## Exercise brief
A full, word-for-word copy of the listing below is needed; leave the images out of it.

## Collected material
━━━

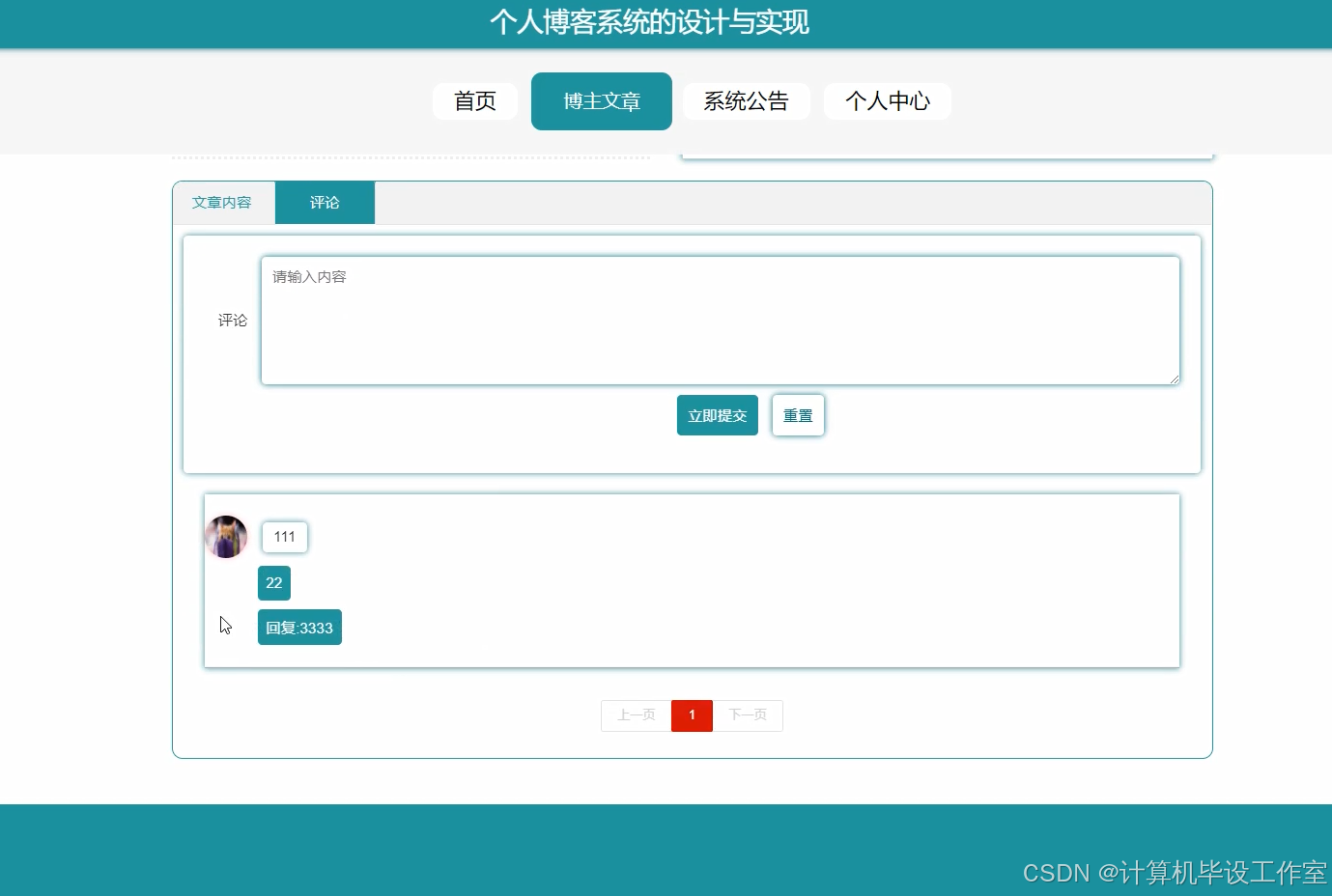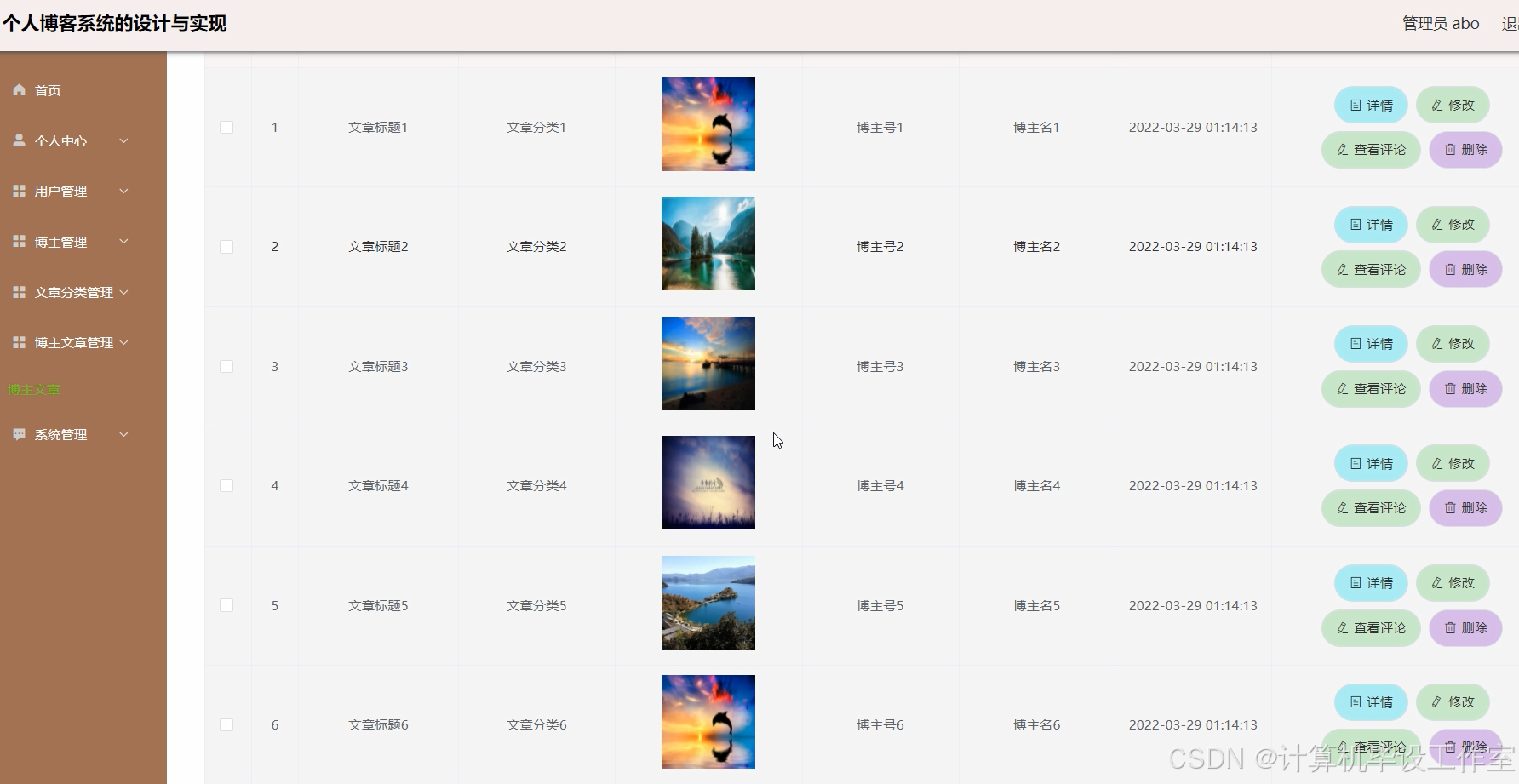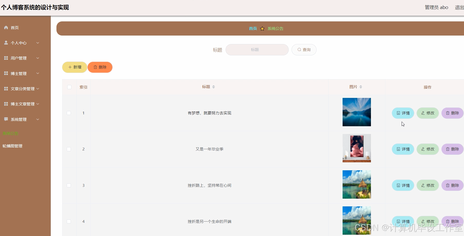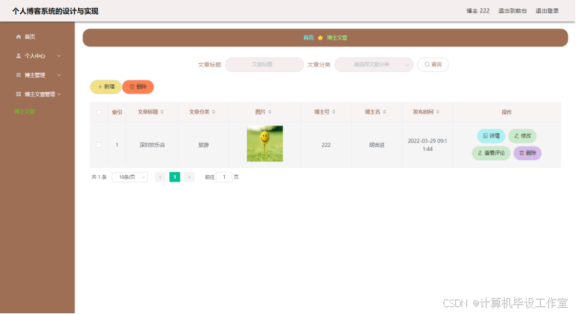 博主可以对自己发布过的博主文章信息进行添加,修改,删除,查询操作,还可以查看评论。
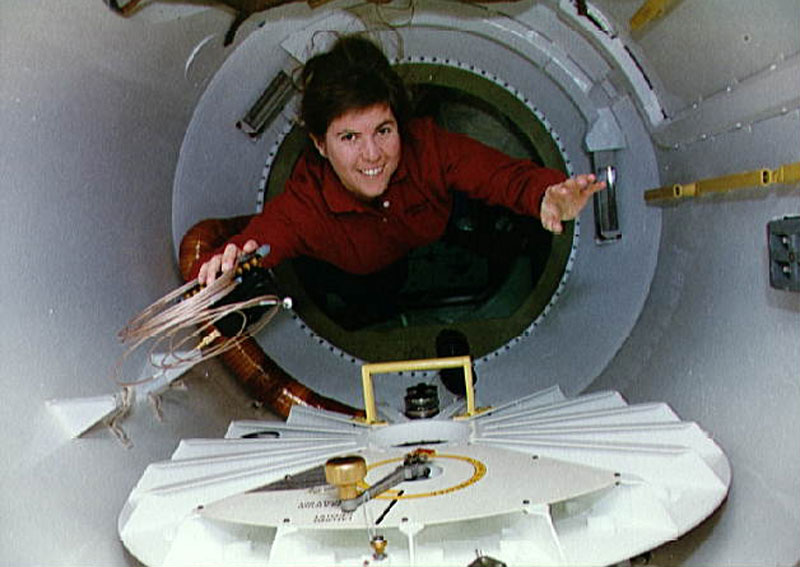 Janice Voss translates through the connecting tunnel between Endeavour's middeck and the Spacehab-1 module. Photo Credit: NASA
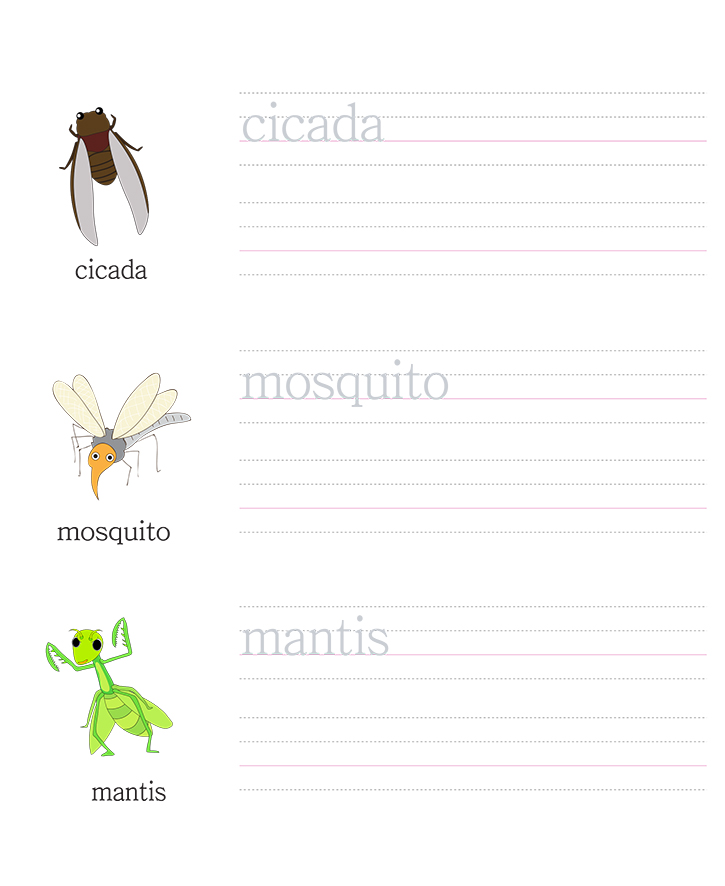 주제별 영어 단어 읽기 및 쓰기. 영어로 읽고 쓰기 (매미, 모기, 사마귀). 기본 영어 단어를 자연스럽게 배울 수 있습니다. 교사와 부모는 아이들이 배울 수 있도록 격려를 요청합니다.
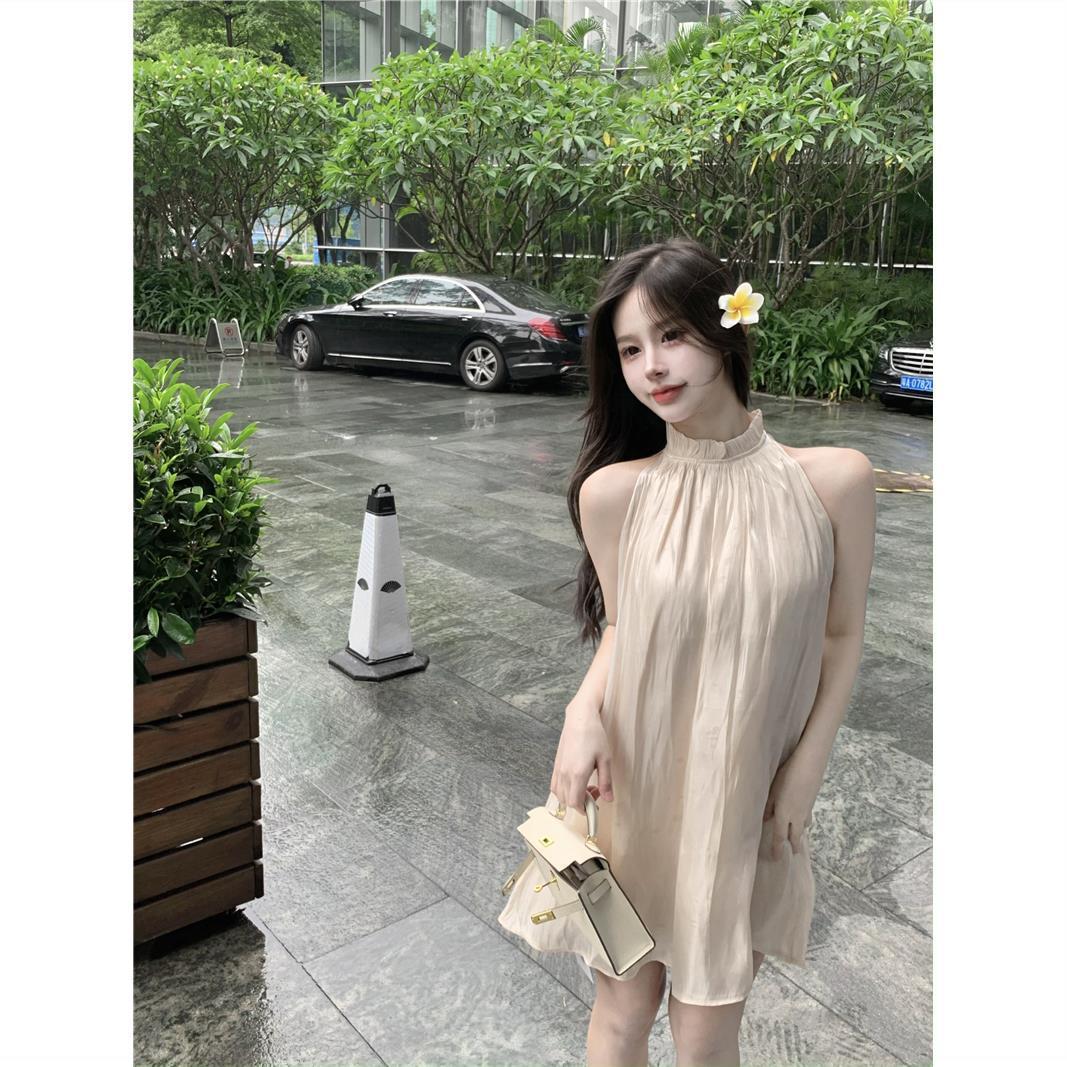 纯欲高级感挂脖连衣裙女装夏季法式甜辣妹宽松气质无袖a字短裙子

━━━

## Solved problem
 博主可以对自己发布过的博主文章信息进行添加,修改,删除,查询操作,还可以查看评论。
 Janice Voss translates through the connecting tunnel between Endeavour's middeck and the Spacehab-1 module. Photo Credit: NASA
 주제별 영어 단어 읽기 및 쓰기. 영어로 읽고 쓰기 (매미, 모기, 사마귀). 기본 영어 단어를 자연스럽게 배울 수 있습니다. 교사와 부모는 아이들이 배울 수 있도록 격려를 요청합니다.
 纯欲高级感挂脖连衣裙女装夏季法式甜辣妹宽松气质无袖a字短裙子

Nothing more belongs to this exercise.